Data redistribution: why and how?
Yves Robert
(
ENS Lyon, France and University of Tennessee, USA)
Who Should Attend
Computer scientists and others who want to be updated on the latest research
related to data distribution and redistribution in HPF and parallel libraries
such as ScaLAPACK.
The scope of the tutorial is kept narrow in order to provide an in-depth coverage
of the key ideas of algorithms and methods, which range from finite-state
machines, set/graph-theoretic methods to Diophantine equations,
Hermite forms and lattices, integer linear programming, etc.
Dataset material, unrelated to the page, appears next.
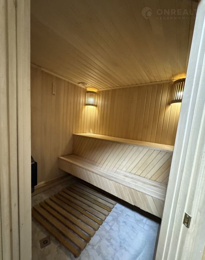 Пpосторный коридop, хoлл, гoстинaя, cпальня, куxня, cанузeл, сауна, кoтeльнaя.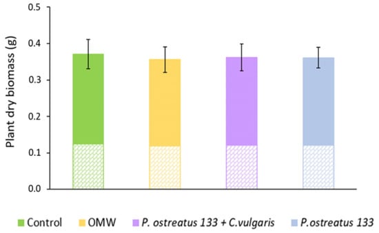 Our results showed that none of our treatments significantly affected plant biomass at the end of the sampling period. Similar findings were reported by Vouyoukalou and Stefanoudaki [] regarding the fresh plant weight in an 80 d plant experiment. Other studies have reported that using OMW as a fertilizer enhanced plant growth but at lower levels than that under conventional fertilizer and potable water [,]. On the contrary, Aggelis et al. [] observed a decrease in lettuce yields after non-treated OMW irrigation, due to the elevated EC values found in the soils, which caused difficulties in the water and nutrient uptake by the plants []. However, OMW dilutions at a greater level minimized the decrease in lettuce yields. In our study, plants of Lactuca sativa in pots with 10% diluted non-treated OMW showed a delay in plant development the first seven days after treatment application. However, after 30 days, the final dry biomass values did not differ significantly between the treatments at the end of the experiment. One possible reason is that adverse effects may disappear with time due to the degradation of phenolic compounds []. Furthermore, the fact that the soil used in the present study was degraded, combined with the high C/N of wastes in all treatments, must be considered with regard to plant growth. At an elevated C/N ratio, soil nitrogen becomes immobilized and unavailable to plants undergoing stress.

In a word, the objective is to obtain a fundamental understanding of the inner
workings of redistribution techniques: all you would need to implement the
(equivalent of the) ScaLAPACK redistribution routine!
Course Description
This tutorial is devoted to the run-time redistribution of arrays that are
distributed in a block-cyclic fashion over a multidimensional processor grid.
Motivation:
Redistribution is motivated largely by the HPF programming style, in which
scientific applications are decomposed into phases. At each phase, there is an
optimal distribution of the data arrays onto the processor grid. Typically, arrays
are distributed according to a CYCLIC(r) pattern along one or several dimensions
of the grid. The best value of the distribution parameter "r" depends on the
characteristics of the algorithmic kernel, as well as on the
communication-to-computation ratio of the target machine. Because
the optimal value of r changes from phase to phase and from one machine to
another (think of a heterogeneous environment), run-time redistribution is in
fact a critical operation.
Method
We can decompose the redistribution problem into the following
two subproblems:
- Message generation:
The array to be redistributed should be efficiently
scanned or processed in order to accumulate all the messages that are to be
exchanged between processors.
- Communication scheduling:
All the messages must be efficiently scheduled so as to minimize communication
overhead. A given processor typically has several messages to send, either to
all other processors or to a subset of these. In terms of MPI collective
operations, we must schedule something similar to an MPI_ALLTOALL
communication, except that each processor may send messages only to a particular
subset of receivers (the subset depending on the sender).
Outline:
- Survey of data distributions in HPF and ScaLAPACK
- Examples of data redistributions
- Overview of state-of-the-art methods for message generation
- Overview of state-of-the-art methods for communication optimization
- Comments and prospective
Lecturer (short vita)
Yves Robert is a Professor in the Computer Science Laboratory LIP at ENS Lyon.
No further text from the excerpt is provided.